Mean Change From Baseline in Visual Rating Scale Score at Week 4	Baseline and 4 weeks post administration of study treatment	The intensity of response to stimulus will be rated using a 10 point scale where 1 denotes "No Pain" and 10 denotes "Intense Pain".
Median Change From Baseline in Tactile Sensitivity at Week 8	Baseline and 8 weeks post administration of study treatment	Response to tactile sensitivity using a Yeaple probe which allowed application of a known force to the dentin surface, starting at 10g and rising in increments of 10g until the tactile threshold or maximum force was reached. The tactile threshold for each tooth was determined by asking the subject whether the sensation caused discomfort. The pressure setting at which the subject gave two consecutive 'yes' responses was recorded as the tactile threshold. The higher the tactile threshold, the less sensitive the tooth. At baseline, the maximum force used was 20g; at all subsequent visits, it was 80g.
Mean Change From Baseline in Schiff Sensitivity Score at Week 4	Baseline and 4 weeks post administration of study treatment	Response to a constant jet of air applied to hypersensitive teeth was evaluated using a Schiff Sensitivity pain response scale. According to this analog scale, pain response for each individual stimulated tooth ranged from 0 to 3; 0 - participant did not respond to air stimulation, 1 - participant responded to air stimulus but did not request discontinuation of stimulus, 2 - participant responded to air stimulus and requested discontinuation of stimulus, 3 - participant responded to air stimulus, considered stimulus to be painful and request discontinuation of stimulus.
Mean Change From Baseline in Visual Rating Scale Score at Week 8	Baseline and 8 weeks post administration of study treatment	The intensity of response to stimulus will be rated using a 10 point scale where 1 denotes "No Pain" and 10 denotes "Intense Pain".

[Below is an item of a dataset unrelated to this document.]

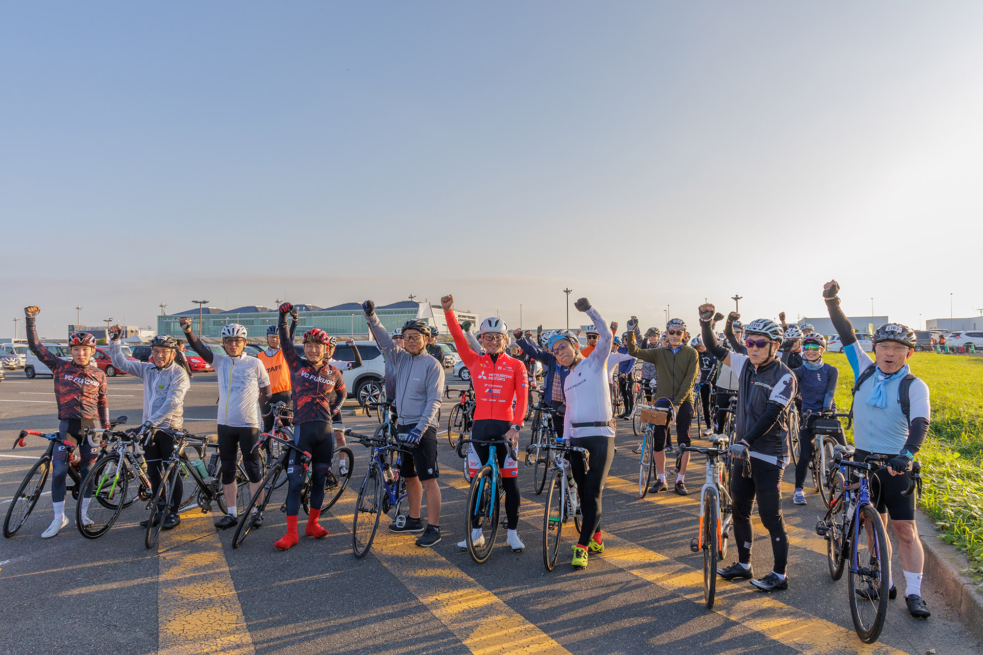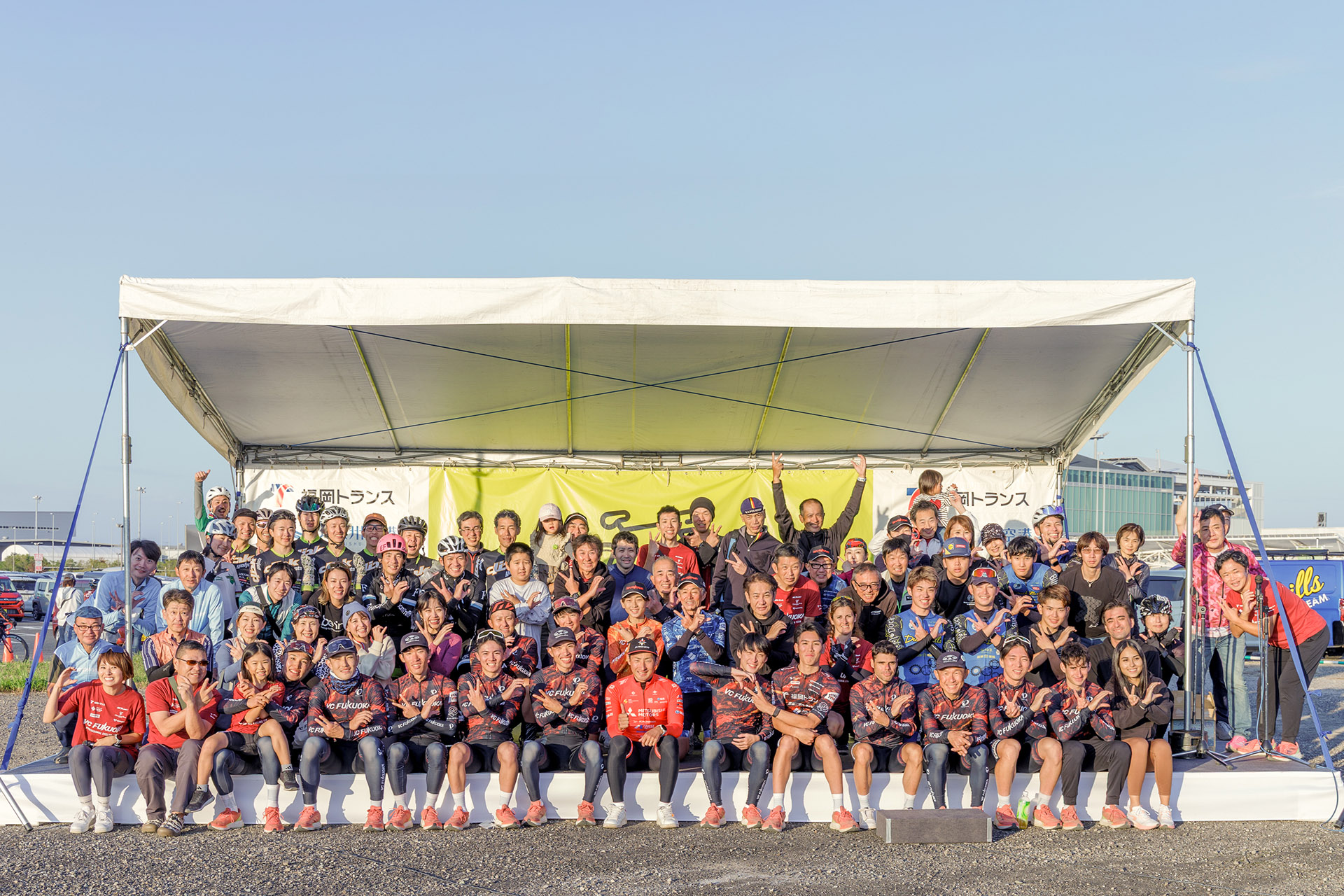 連絡橋区間ではVC FUKUOKAの選手たちが先導役を務め、参加者の皆さまをエスコート。さらに、VC FUKUOKAサテライトチーム、マスターズクラブの選手、そして福岡県内各地のクラブチームの皆さまがサポートライダーとしてイベントを支えてくださいました。心より感謝申し上げます。

Secondary Outcome Measures

Name	Time	Method
Mean Change From Baseline in Dentine Hypersensitivity Experience Questionnaire Total Score at Week 4	Baseline and 4 weeks post administration of study treatment	DHEQ Total score is an overall summary measure for the impact of dentine hypersensitivity on everyday life. Total score is calculated as the sum of 34 questions (each with a possible score of 1 to 7). The scale of responses range from 34 to 238. Higher values imply a worse outcome i.e. an increase in impact on dentine hypersensitivity on everyday life. Lower values imply a better outcome i.e. a decrease in impact on dentine hypersensitivity on everyday life.
Mean Change From Baseline in Dentine Hypersensitivity Experience Questionnaire (DHEQ) Total Score at Week 8	Baseline and 8 weeks post administration of study treatment	DHEQ Total score is an overall summary measure for the impact of dentine hypersensitivity on everyday life. Total score is calculated as the sum of 34 questions (each with a possible score of 1 to 7). The scale of responses range from 34 to 238. Higher values imply a worse outcome i.e. an increase in impact on dentine hypersensitivity on everyday life. Lower values imply a better outcome i.e. a decrease in impact on dentine hypersensitivity on everyday life.